Isn't the resource being consumed the same though? I imagine ultra high grade is just more refined? Or is the balloon grade gas not economically refinable to the pure gas?
Not just non-economical, but like almost all purification processes you will be producing balloon grade from the production of the ultra pure gas. Intrinsicly there will be helium that you can't separate from the other gasses that you removed from the helium.
Some non-zero remainder is all but inevitable, but even if your refining process yields 1 part pure to 99 parts mixed, after N steps you have 1 - (0.99) ^ N percent pure gas out of the whole, right?
So the ratio is somewhat arbitrarily (up to whatever the limit of your refining process is).
Unfortunately that doesn't usually hold out because as things get closer but not quite to the purity you need, you tend to need longer times, larger surfaces areas, higher temps, etc. in order to continue the process. You tend to hit spots during purification where you end up with an Azetrope (or similar for gasses) where you can't do a lot of the same techniques anymore because the impurities and the gas you want end up behaving the same at that concentration. At that point you have to start looking at adding catalysts or other chemical reactions to destroy or transform the impurities so that you can remove the end products from those reactions. But as you have less and less of the impurities it then ends up harder to target them to purify further. It's a nasty cycle that can drive costs up exponentially in terms of reagents, dollars, time and energy needed to do the purification. Ethyl Alcohol is a fun little rabbit hole to look at, at ~95% purity it forms an azetrope with water and you can no longer distill off the water or alcohol separately and have to resort to chemical or other means to get further purity. That's why you usually end up with other alcohols as a byproduct when purifying further (methanol in particular, since it disrupts the azetrope and lets you boil things off) or have to take rather expensive methods that remove the water.

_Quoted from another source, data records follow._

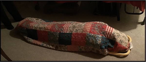 It almost felt like an out-of-body experience for me watching the undertakers lay her body on a white cloth. The white cloth was wrapped around, then buckled to the cot beneath it. I placed a red rose under the middle buckle and then they covered it all with a quilted blanket...
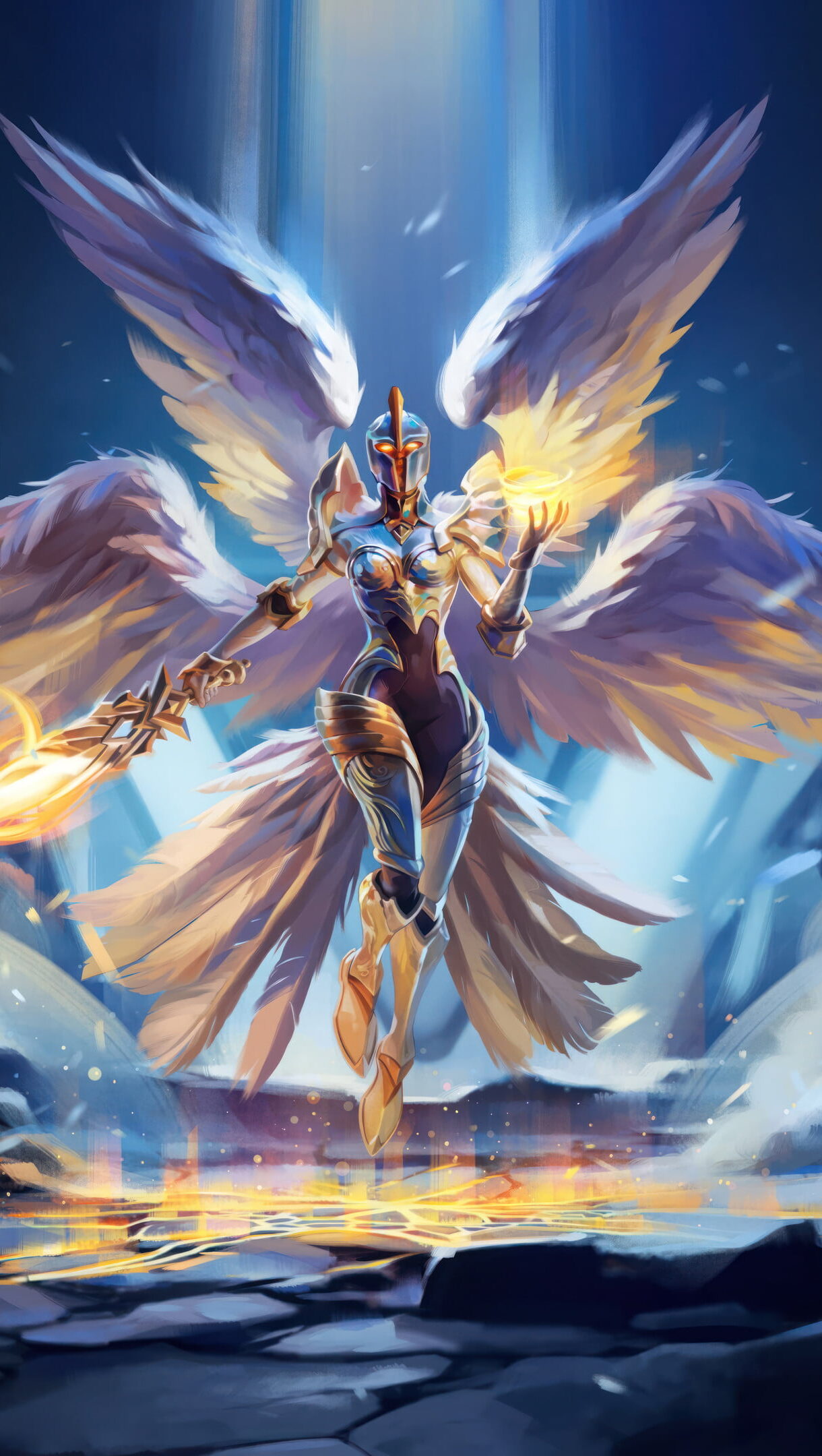 A breathtaking 4K wallpaper showcasing the majestic LoL Worlds Kayle skin, highlighting Kayle, the Righteous, radiating celestial power in the epic world of League of Legends. Simply click the download button to bring this masterpiece to life on your screen as a desktop wallpaper or save it for later in your picture collection.
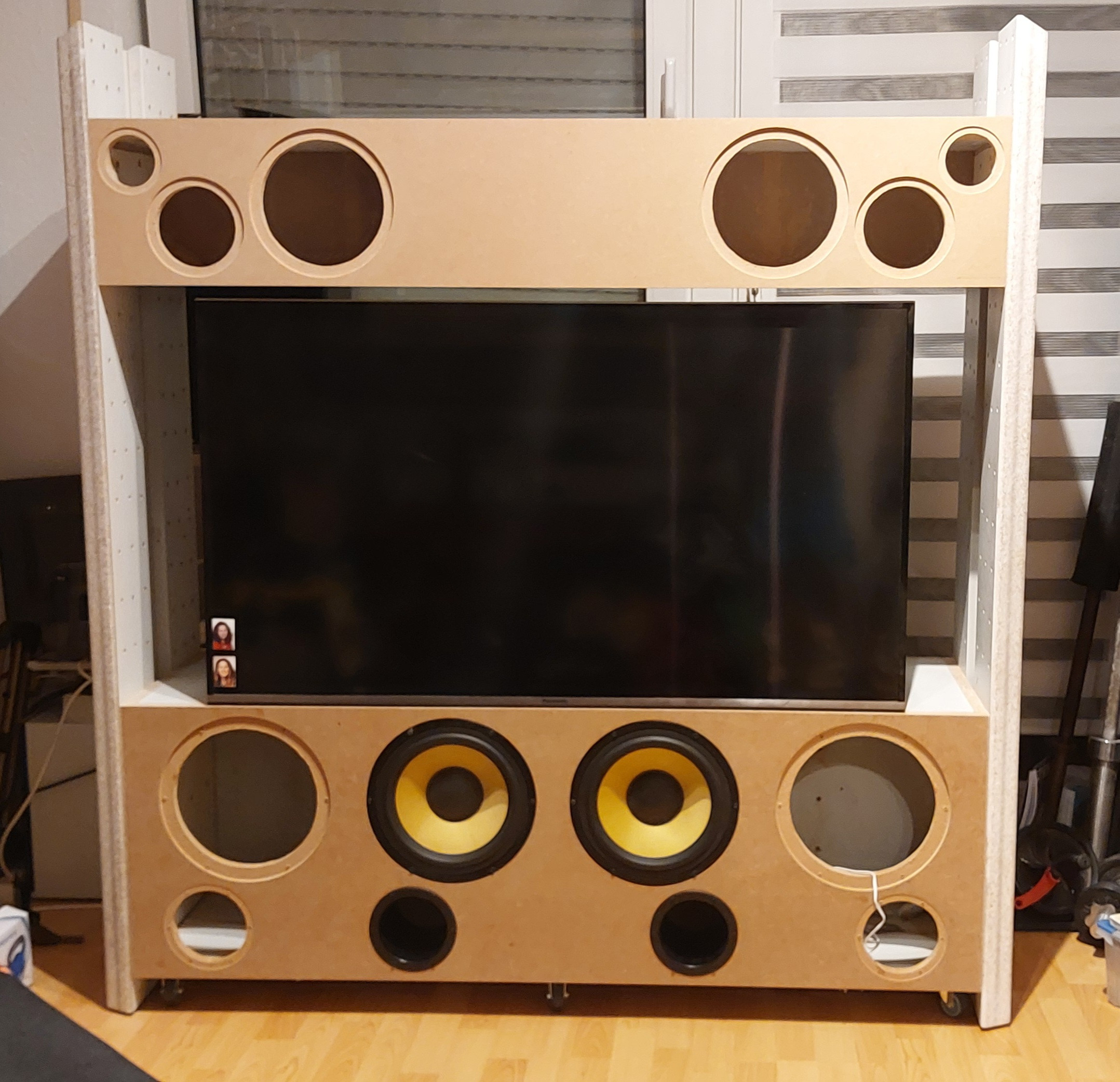 Hab das Ding vorhin im Rohbau zusammengeschraubt. Erst mal die Seitenwände des Tieftongehäuses noch verschraubt da dies nur geleimt war, dieses muss nun die Seitenträgerwände und das Mittelhochtongehäuse mittragen.

This assumes that the refining process works the same no matter what the initial concentration is. (Don't know if it's true or not, but it's an unstated assumption.)
Balloon gas is already 99% helium. There’s not that much of it (one source is apparently as a byproduct of filling pure helium containers) and reprocessing it is not economical.

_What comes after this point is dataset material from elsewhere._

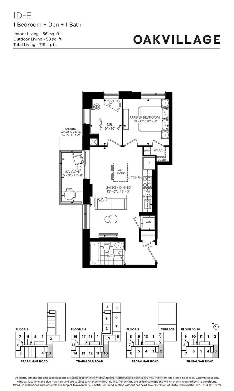 Absolutely stunning! Corner unit boasts 1 Bedroom + Den (Consider as second bedroom/office area), and 1 bathroom. The unit is 661 sq. ft. in total, Outdoor Living(Balcony) 58.sqft with 719 sq. ft. of living space. The unit is carpet-free and features keyless entry. One parking spot is included(underground). The open-concept living space is filled with natural light from the floor-to-ceiling windows. The gorgeous kitchen features a breakfast bar, backsplash, and brand-new stainless-steel appliances. The location is excellent, with only a ten-minute walk to a huge plaza with everything you could possibly need, including public transit, Walmart, Superstore, shopping, restaurants, banks, and more! The 403 and 407 are just a short drive away. **** Immediately Available ****
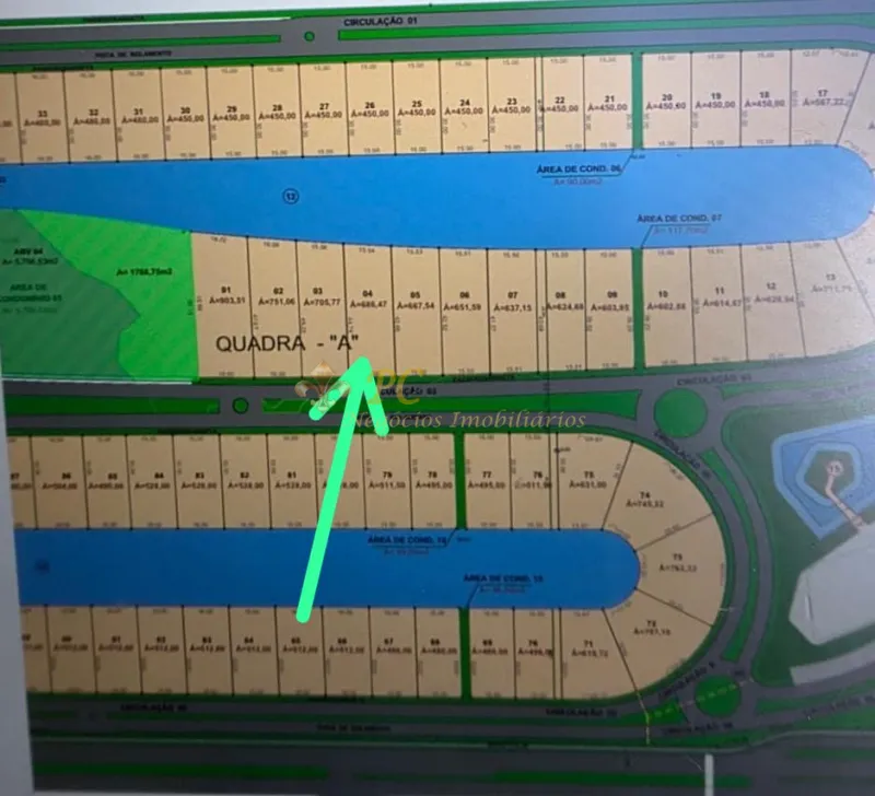 Terreno beira lago no Condomínio Seasons com orientação sol.ar frente sul e 686,47m² totais.

This take may be way off base but instead of trying to avoid 100% of nuclear incidents, shouldn't we be comparing the relative risk of nuclear environmental damage to the guaranteed and ongoing environmental and climate damage done by burning 200 million tonnes of heavy oil every year?
Maybe a few sunken nuclear reactors is already a better alternative? Again, I may be completely wrong, just seems like something that isn't being discussed.

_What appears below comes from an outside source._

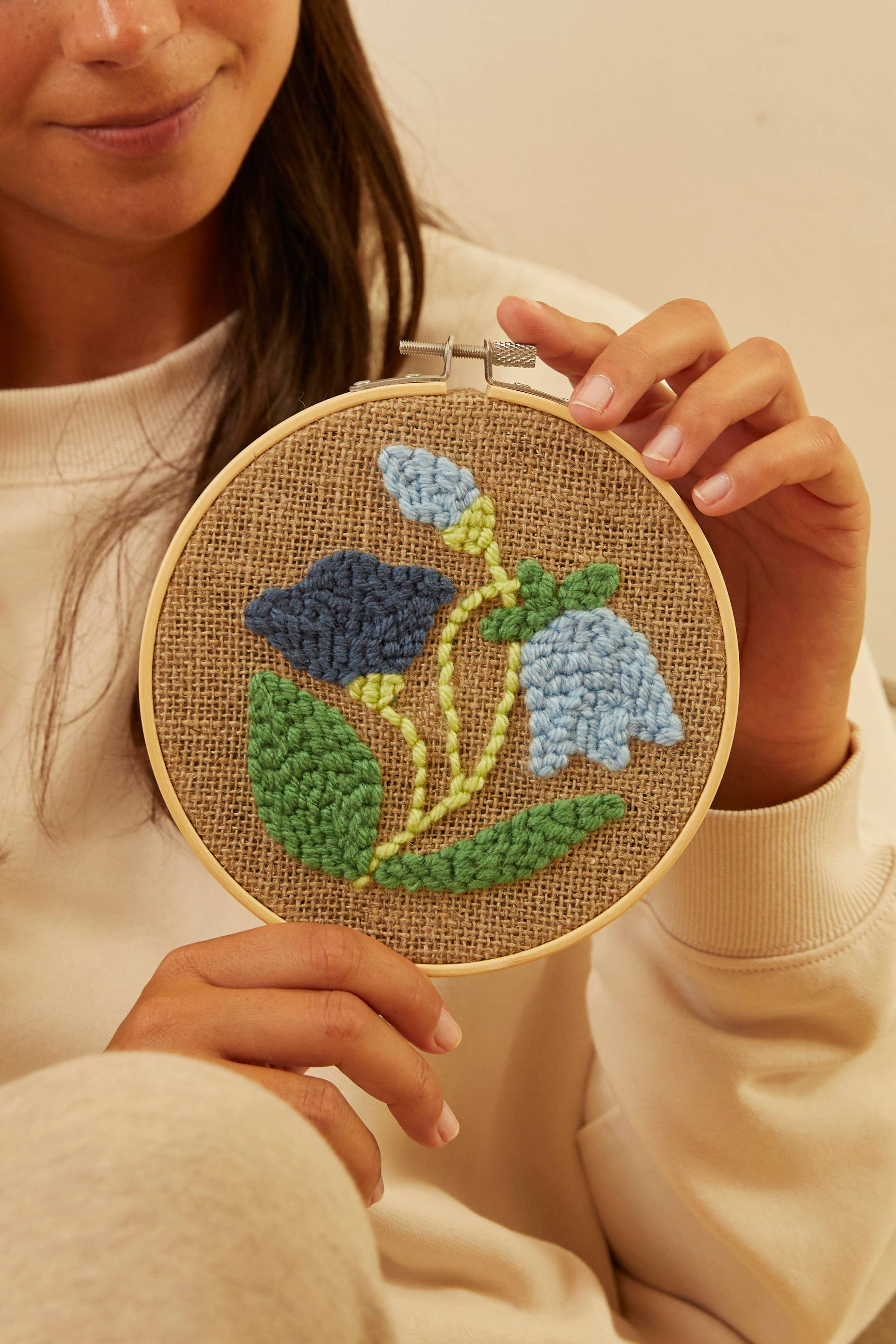 Punch Needle Kit, Blue Flowers

In an ideal world, maybe so. But we haven't managed to clear the hurdle for ground-based power production so upping the ante to something that can sink would be even more challenging.
The "smeared along a beach or headland" ones are more worrying. What if the storm gets the reactor above the water line? What if a houthi anti ship missile wrecks/ignites the reactor compartment? What if armed men burst out of some of the 20000+ containers and deliberately try to engineer a disaster?
The golden ray (a car transporter) capsized in calm waters in a sheltered bay and the cleanup cost $850m. Fukishima is a twelve figure number.
It doesn't get much denser than downtown Chinese cities, they have specialized in high-density mega-sized apartment buildings.
Even large US downtowns are dwarfed by the average Chinese city downtown flush with LED skyscrapers. They have way more people and manufacturing than other countries so it shouldn't be too surprising.